- Activity -
Please reproduce the entries below exactly, leaving the pictures out.

:: Task inputs

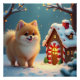 This magical painting features a Pomeranian in a gingerbread village filled with candy and lights. A sweet and imaginative Christmas artwork perfect for holiday decorating.
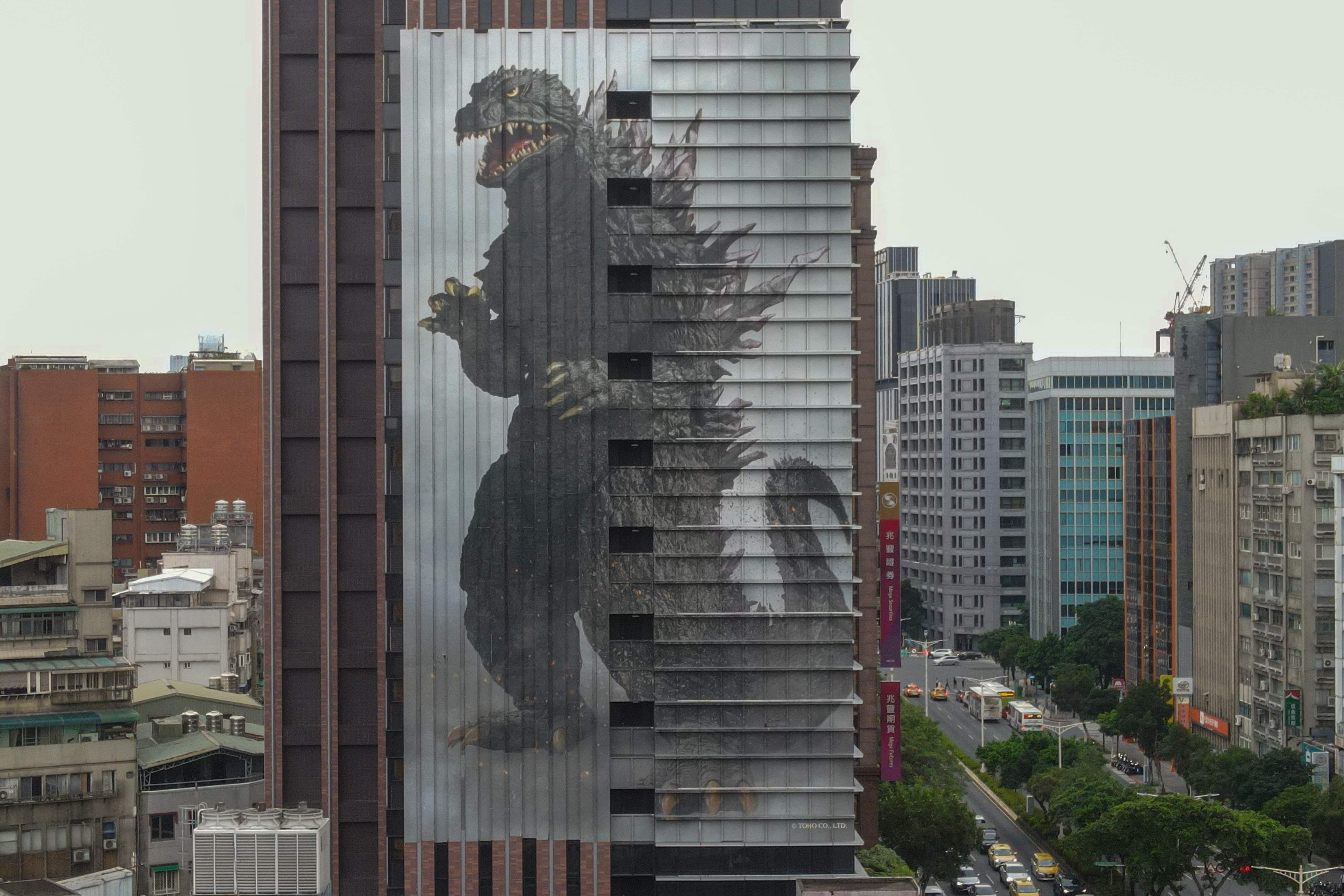 A giant Godzilla poster, which is almost 50 metres tall, is seen outside of a local hotel in Taipei on June 15, 2023. (Photo by Sam Yeh/AFP Photo)
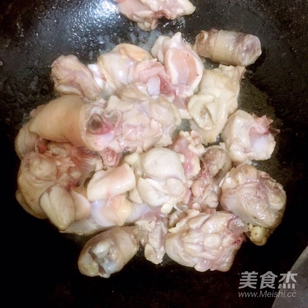 5.鍋內(nèi)下油,油熱下雞塊翻炒。
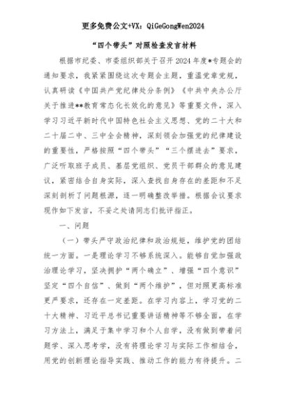 【七哥公文】2025年:“四个带头”对照检查发言材料+更多免费公文+VX:QiGeGongWen2024+更多免费公文+VX:QiGeGongWen2024
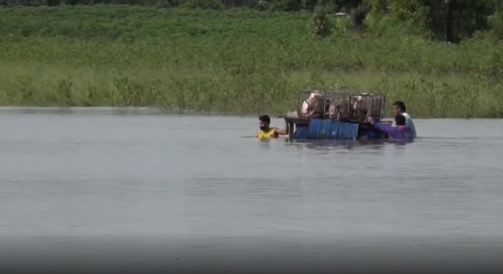 ขนย้ายหมูท้องแก่หนีน้ำท่วม จ.นครราชสีมา
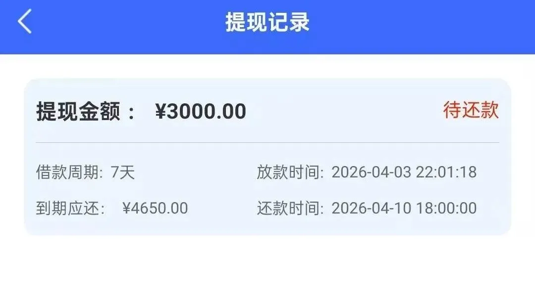 3000元借款10天需还款4650元,年化利率超1500%,远超红线。其陷阱还体现在暗箱操作与违规收费上,下款资金均来自私人账户,而非正规金融机构,平台以“服务费”为名收取高额砍头息,实际到账金额大幅缩水却按全额计息。
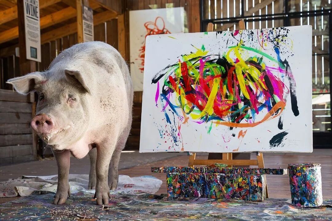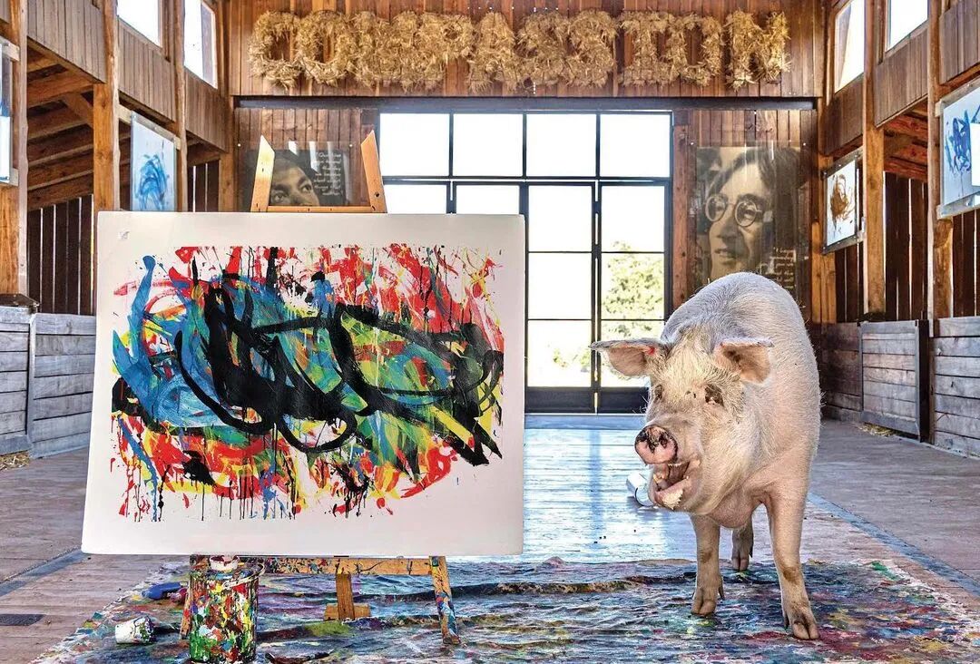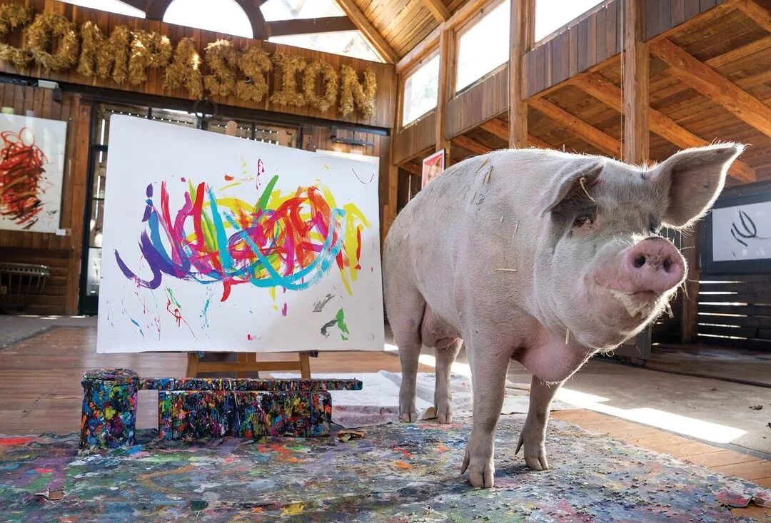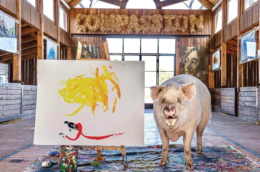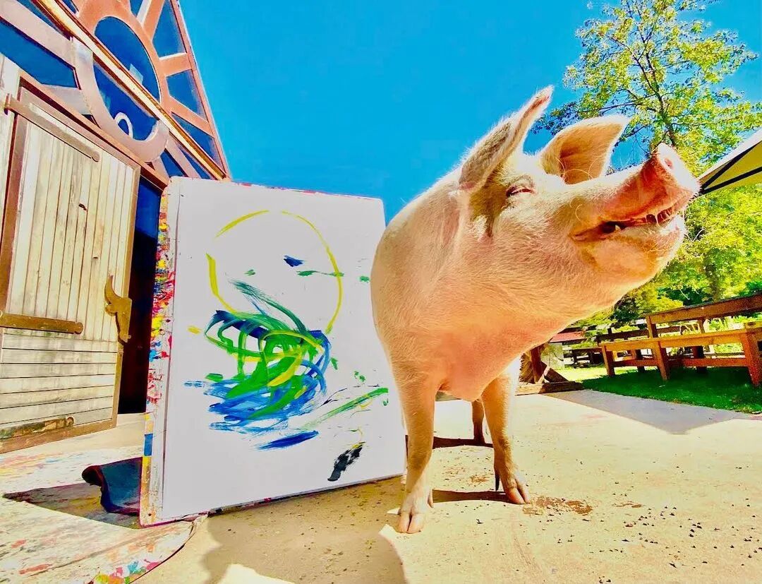 从那时起,Pigcasso创作了数百件艺术品,其中一些在官方网站上售价高达数千美元。据报道,其中一幅甚至卖到了2万多美元,这使它成为有史以来最昂贵的动物画。通过出售 Pigcasso艺术品筹集的所有资金都投资于农场保护区,这里不仅是猪的家园,也是牛、鸡、羊和其他获救动物的家园。

::::

- Response box -
 This magical painting features a Pomeranian in a gingerbread village filled with candy and lights. A sweet and imaginative Christmas artwork perfect for holiday decorating.
 A giant Godzilla poster, which is almost 50 metres tall, is seen outside of a local hotel in Taipei on June 15, 2023. (Photo by Sam Yeh/AFP Photo)
 5.鍋內(nèi)下油,油熱下雞塊翻炒。
 【七哥公文】2025年:“四个带头”对照检查发言材料+更多免费公文+VX:QiGeGongWen2024+更多免费公文+VX:QiGeGongWen2024
 ขนย้ายหมูท้องแก่หนีน้ำท่วม จ.นครราชสีมา
 3000元借款10天需还款4650元,年化利率超1500%,远超红线。其陷阱还体现在暗箱操作与违规收费上,下款资金均来自私人账户,而非正规金融机构,平台以“服务费”为名收取高额砍头息,实际到账金额大幅缩水却按全额计息。
 从那时起,Pigcasso创作了数百件艺术品,其中一些在官方网站上售价高达数千美元。据报道,其中一幅甚至卖到了2万多美元,这使它成为有史以来最昂贵的动物画。通过出售 Pigcasso艺术品筹集的所有资金都投资于农场保护区,这里不仅是猪的家园,也是牛、鸡、羊和其他获救动物的家园。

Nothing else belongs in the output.